Тем не менее, тем не менее, бракосочетание необходимо устроить. И как можно быстрее: шок у одних, растерянность у других, занятость у третьих скоро улетучатся. Начнется новый пароксизм хватательной активности «новой метлы» и новых облав. И Карл Густав — при его-то кавалергардском обличии и гоноре — в мышеловке!.. Бог мой!
5. Московские проблемы
Проблемы – они возникли сразу. Мама – простим её – мыслила по-своему. По-фронтовому. Проблема первая: невеста — православная. Но жених-то... Он же лютеранин. Она обстоятельств этих за двадцать семь лет приятельства с Карлом Густавом — просто с Густавом, — так все родичи и друзья его называют, — мама этих конфессиональных различий по меннонитской своей демократичности не замечала. Тем более, сам Густав поводов к подобному интересу не давал. У него, в прошлом охранителя трона, сложилось собственное мнение о царях земных и небесных, которое он никому не навязывал. Предпочитая о нем не распространяться. Проблема вторая: как выбрать храм (и можно ли его выбрать?), в котором бракосочетание должно быть освящено? Большинство их к этому часу было порушено. Служители их уничтожены. Тех же, кого страшная участь миновала случайно… Те влачили теперь жалкое существование париев, прокаженных. И если решались служить, то требы совершали в постоянном страхе за жизнь. Своих близких и свою. В брошенных церквах и кирхах, ежеминутно ожидая ареста и кары. А потому абсолютно зависимые от «погоды» в ЧК. И частенько работая на нее... И… о каком гражданском браке могла теперь идти речь? У кого регистрироваться? Где? Не на той же Лубянке?..

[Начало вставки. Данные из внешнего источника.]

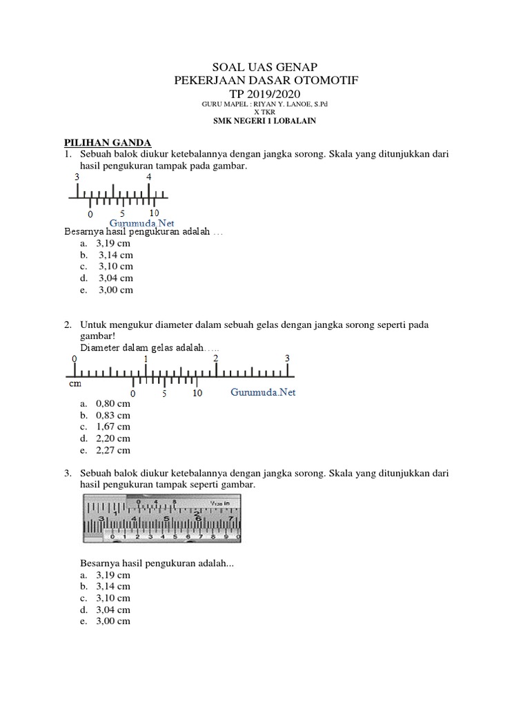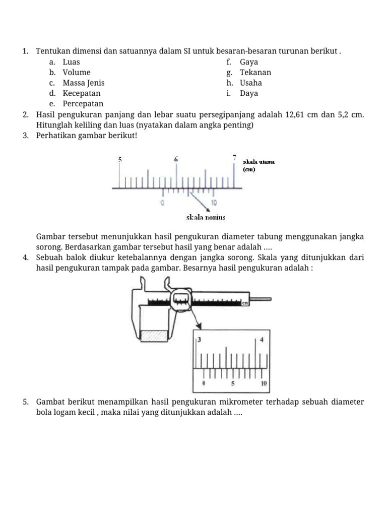 Soal Soal Pengukuran Besaran Dan Satuan Plus Kunci Jawaban Pdf Document from reader017.fdokumen.com Sebuah balok diukur ketebalannya dengan jangka sorong skala yang ditunjukkan dari hasil pengukuran tampak pada gambar besarnya hasil pengukuran adalah. We did not find results for: Check spelling or type a new query. Maybe you would like to learn more about one of these?
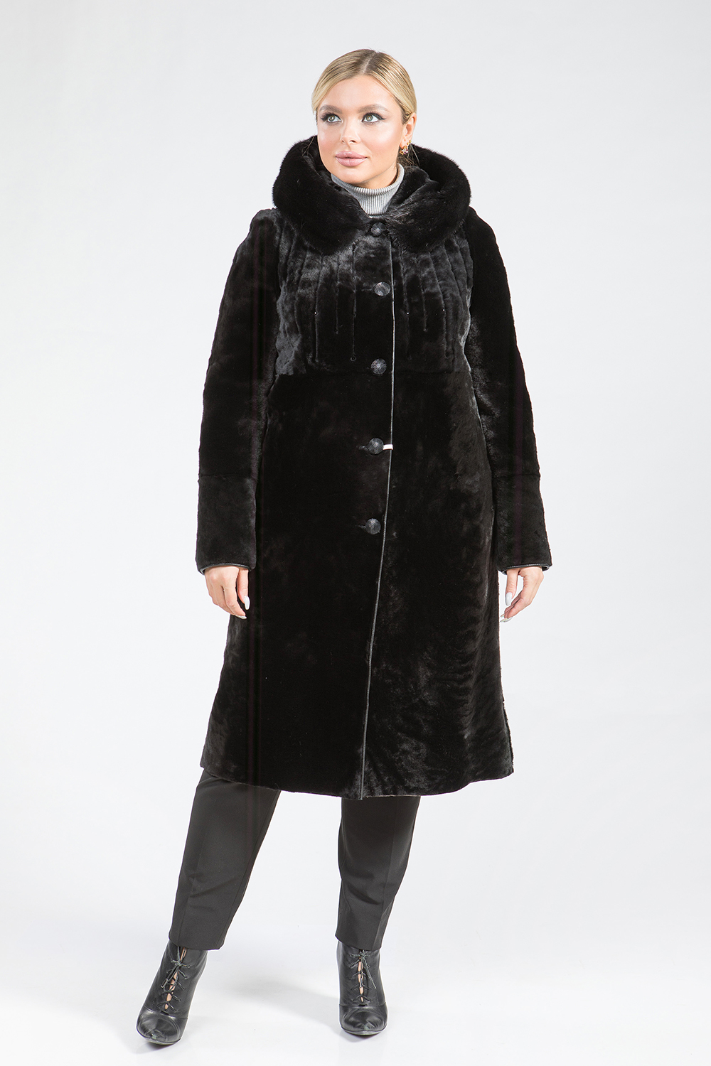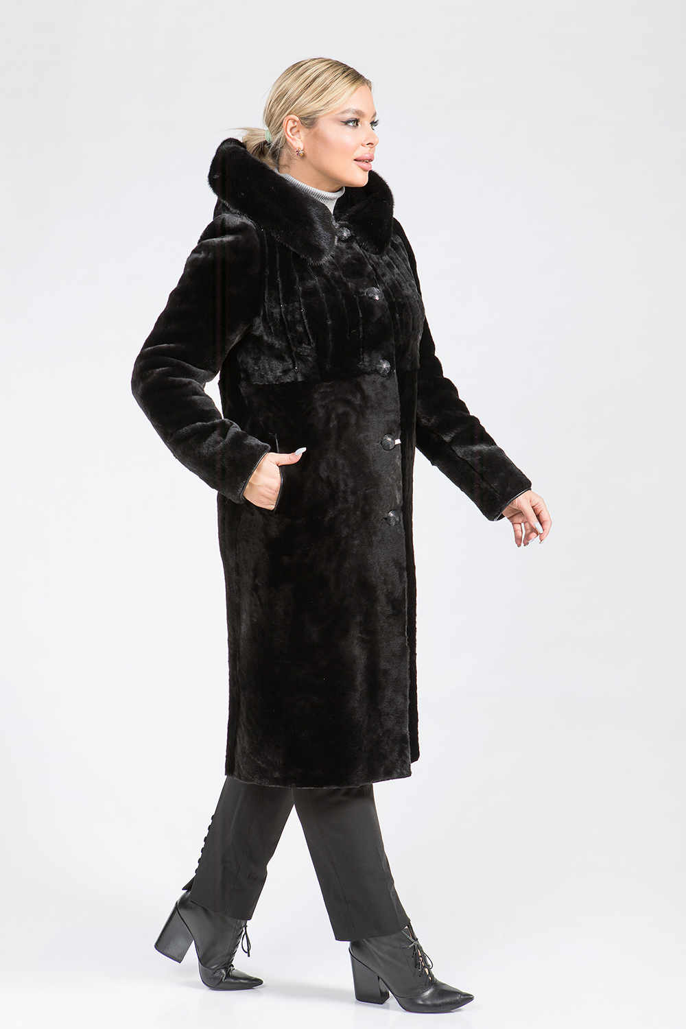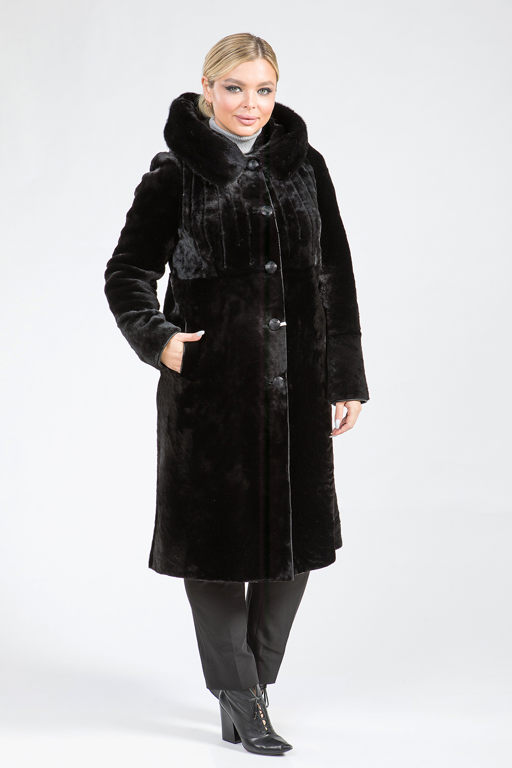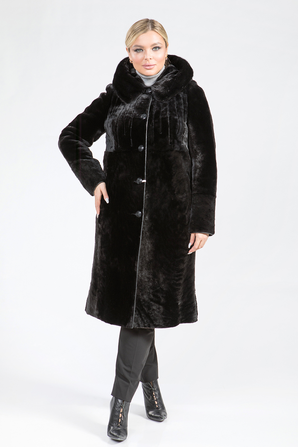 Полупальто из меха овчины. Капюшон модели дополнен мехом норки. Крой изделия пластины. Рукава, карманы и борта шубки обработаны натуральной кожей. Модель застегивается на пуговицы. Длина изделия 110 см. Перед модели декорирован вертикальной вышивкой и слегка заметными стеклярусами. Шубка классического кроя выглядит элегантно, профессиональные стилисты считают классику безошибочным выбором!

Родители мои понимали: сами они эти сложности не разрешат. Но кто же? В какой срок? Время-то подпирало отчаянно! И тогда Бабушка посоветовала маме вновь побеспокоить «американца» — в начале века архиерея Тихона Задонского. Каденцию занимавшего кафедру православия в Соединенных Американских Штатах. А ныне неприкасаемого абсолютно, опального и каждодневно уничижаемого властью Патриарха Тихона. Василия Ивановича Белавина в миру...
Сам по себе совет Бабушки был корректен: Тихон – Он верный друг. И это всё решает. Но можно ли вновь тревожить немолодого больного человека, считанными днями, даже часами прежде, глубоко встревоженного мамой возвращением её (пусть возвращением счастливым, пусть даже победным!) из берлинской её поездки. И не важно, что поездки по Его же, — Владыки, — поручению чрезвычайному! Поездки чреватой результатами судьбоносными для России. Для Него так же, если станет известным Ведущий… Генератором-то был Он сам. И ответственность – на Нём…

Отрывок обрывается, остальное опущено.